Write out, word for word, only the lines from the one with "本报记者 李雯 摄影报道" to the end of the data below.

Dataset items:
* * *

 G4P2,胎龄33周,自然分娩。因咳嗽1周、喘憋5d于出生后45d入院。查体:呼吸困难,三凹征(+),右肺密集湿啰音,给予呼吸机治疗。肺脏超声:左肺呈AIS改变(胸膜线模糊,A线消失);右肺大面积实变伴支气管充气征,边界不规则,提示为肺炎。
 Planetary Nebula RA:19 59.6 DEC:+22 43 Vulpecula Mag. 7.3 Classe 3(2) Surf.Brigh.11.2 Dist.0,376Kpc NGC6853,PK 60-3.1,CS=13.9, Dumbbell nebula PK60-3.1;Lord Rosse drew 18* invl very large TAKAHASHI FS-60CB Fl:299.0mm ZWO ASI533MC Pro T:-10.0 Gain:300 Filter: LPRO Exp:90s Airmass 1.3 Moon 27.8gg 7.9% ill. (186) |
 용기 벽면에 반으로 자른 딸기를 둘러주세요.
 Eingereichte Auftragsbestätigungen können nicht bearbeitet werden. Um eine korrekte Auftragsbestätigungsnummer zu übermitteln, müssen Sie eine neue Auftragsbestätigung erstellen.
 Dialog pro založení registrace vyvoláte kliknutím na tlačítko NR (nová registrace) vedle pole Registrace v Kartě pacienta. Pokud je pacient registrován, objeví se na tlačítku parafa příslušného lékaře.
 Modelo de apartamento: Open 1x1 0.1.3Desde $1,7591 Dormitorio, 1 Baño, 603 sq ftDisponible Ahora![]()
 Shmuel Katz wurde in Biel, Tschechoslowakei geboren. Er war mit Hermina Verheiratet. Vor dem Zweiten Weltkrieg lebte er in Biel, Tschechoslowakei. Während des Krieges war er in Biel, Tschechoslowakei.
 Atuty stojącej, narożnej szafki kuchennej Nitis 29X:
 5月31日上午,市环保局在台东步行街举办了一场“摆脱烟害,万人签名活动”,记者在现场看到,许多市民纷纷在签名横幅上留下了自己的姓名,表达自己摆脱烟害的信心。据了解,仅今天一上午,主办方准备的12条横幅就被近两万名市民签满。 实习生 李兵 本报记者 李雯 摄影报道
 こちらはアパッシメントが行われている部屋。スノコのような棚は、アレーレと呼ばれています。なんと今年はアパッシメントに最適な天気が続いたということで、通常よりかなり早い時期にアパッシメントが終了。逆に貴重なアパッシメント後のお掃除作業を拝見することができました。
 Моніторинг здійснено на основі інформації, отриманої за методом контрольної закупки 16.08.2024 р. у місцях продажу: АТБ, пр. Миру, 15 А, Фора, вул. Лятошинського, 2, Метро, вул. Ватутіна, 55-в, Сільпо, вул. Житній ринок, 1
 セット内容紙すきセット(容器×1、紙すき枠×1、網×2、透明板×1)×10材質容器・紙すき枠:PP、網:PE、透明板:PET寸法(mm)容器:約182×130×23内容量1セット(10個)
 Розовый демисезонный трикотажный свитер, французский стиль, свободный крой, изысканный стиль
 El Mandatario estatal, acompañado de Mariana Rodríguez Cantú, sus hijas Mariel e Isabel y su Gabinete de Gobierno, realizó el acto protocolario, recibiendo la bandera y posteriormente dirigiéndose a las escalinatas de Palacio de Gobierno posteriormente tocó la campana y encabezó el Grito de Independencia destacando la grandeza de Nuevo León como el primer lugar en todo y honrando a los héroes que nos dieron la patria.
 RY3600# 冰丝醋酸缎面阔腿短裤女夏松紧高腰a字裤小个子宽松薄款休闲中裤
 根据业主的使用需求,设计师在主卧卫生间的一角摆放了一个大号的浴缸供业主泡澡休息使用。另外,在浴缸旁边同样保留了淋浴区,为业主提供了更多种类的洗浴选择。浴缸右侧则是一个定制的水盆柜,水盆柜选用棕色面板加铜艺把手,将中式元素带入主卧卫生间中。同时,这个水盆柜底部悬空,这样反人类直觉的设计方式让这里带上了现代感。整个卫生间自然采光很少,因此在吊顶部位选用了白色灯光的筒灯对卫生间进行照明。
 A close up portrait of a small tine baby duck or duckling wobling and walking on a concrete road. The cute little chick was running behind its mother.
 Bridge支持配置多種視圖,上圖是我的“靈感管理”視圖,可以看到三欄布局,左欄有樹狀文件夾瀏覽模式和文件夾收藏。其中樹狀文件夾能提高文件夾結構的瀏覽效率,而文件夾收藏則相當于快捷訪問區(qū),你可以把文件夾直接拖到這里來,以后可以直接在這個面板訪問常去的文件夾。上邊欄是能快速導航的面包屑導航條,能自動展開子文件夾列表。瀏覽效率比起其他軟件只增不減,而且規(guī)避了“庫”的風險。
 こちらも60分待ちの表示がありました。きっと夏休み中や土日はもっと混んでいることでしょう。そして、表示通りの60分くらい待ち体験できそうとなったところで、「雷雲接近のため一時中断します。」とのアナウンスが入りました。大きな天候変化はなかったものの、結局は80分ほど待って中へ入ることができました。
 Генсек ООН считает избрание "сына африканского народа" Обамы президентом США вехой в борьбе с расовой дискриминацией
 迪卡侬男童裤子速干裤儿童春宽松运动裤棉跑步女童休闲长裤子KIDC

* * *

#### Problem solution:
 5月31日上午,市环保局在台东步行街举办了一场“摆脱烟害,万人签名活动”,记者在现场看到,许多市民纷纷在签名横幅上留下了自己的姓名,表达自己摆脱烟害的信心。据了解,仅今天一上午,主办方准备的12条横幅就被近两万名市民签满。 实习生 李兵 本报记者 李雯 摄影报道
 こちらはアパッシメントが行われている部屋。スノコのような棚は、アレーレと呼ばれています。なんと今年はアパッシメントに最適な天気が続いたということで、通常よりかなり早い時期にアパッシメントが終了。逆に貴重なアパッシメント後のお掃除作業を拝見することができました。
 Моніторинг здійснено на основі інформації, отриманої за методом контрольної закупки 16.08.2024 р. у місцях продажу: АТБ, пр. Миру, 15 А, Фора, вул. Лятошинського, 2, Метро, вул. Ватутіна, 55-в, Сільпо, вул. Житній ринок, 1
 セット内容紙すきセット(容器×1、紙すき枠×1、網×2、透明板×1)×10材質容器・紙すき枠:PP、網:PE、透明板:PET寸法(mm)容器:約182×130×23内容量1セット(10個)
 Розовый демисезонный трикотажный свитер, французский стиль, свободный крой, изысканный стиль
 El Mandatario estatal, acompañado de Mariana Rodríguez Cantú, sus hijas Mariel e Isabel y su Gabinete de Gobierno, realizó el acto protocolario, recibiendo la bandera y posteriormente dirigiéndose a las escalinatas de Palacio de Gobierno posteriormente tocó la campana y encabezó el Grito de Independencia destacando la grandeza de Nuevo León como el primer lugar en todo y honrando a los héroes que nos dieron la patria.
 RY3600# 冰丝醋酸缎面阔腿短裤女夏松紧高腰a字裤小个子宽松薄款休闲中裤
 根据业主的使用需求,设计师在主卧卫生间的一角摆放了一个大号的浴缸供业主泡澡休息使用。另外,在浴缸旁边同样保留了淋浴区,为业主提供了更多种类的洗浴选择。浴缸右侧则是一个定制的水盆柜,水盆柜选用棕色面板加铜艺把手,将中式元素带入主卧卫生间中。同时,这个水盆柜底部悬空,这样反人类直觉的设计方式让这里带上了现代感。整个卫生间自然采光很少,因此在吊顶部位选用了白色灯光的筒灯对卫生间进行照明。
 A close up portrait of a small tine baby duck or duckling wobling and walking on a concrete road. The cute little chick was running behind its mother.
 Bridge支持配置多種視圖,上圖是我的“靈感管理”視圖,可以看到三欄布局,左欄有樹狀文件夾瀏覽模式和文件夾收藏。其中樹狀文件夾能提高文件夾結構的瀏覽效率,而文件夾收藏則相當于快捷訪問區(qū),你可以把文件夾直接拖到這里來,以后可以直接在這個面板訪問常去的文件夾。上邊欄是能快速導航的面包屑導航條,能自動展開子文件夾列表。瀏覽效率比起其他軟件只增不減,而且規(guī)避了“庫”的風險。
 こちらも60分待ちの表示がありました。きっと夏休み中や土日はもっと混んでいることでしょう。そして、表示通りの60分くらい待ち体験できそうとなったところで、「雷雲接近のため一時中断します。」とのアナウンスが入りました。大きな天候変化はなかったものの、結局は80分ほど待って中へ入ることができました。
 Генсек ООН считает избрание "сына африканского народа" Обамы президентом США вехой в борьбе с расовой дискриминацией
 迪卡侬男童裤子速干裤儿童春宽松运动裤棉跑步女童休闲长裤子KIDC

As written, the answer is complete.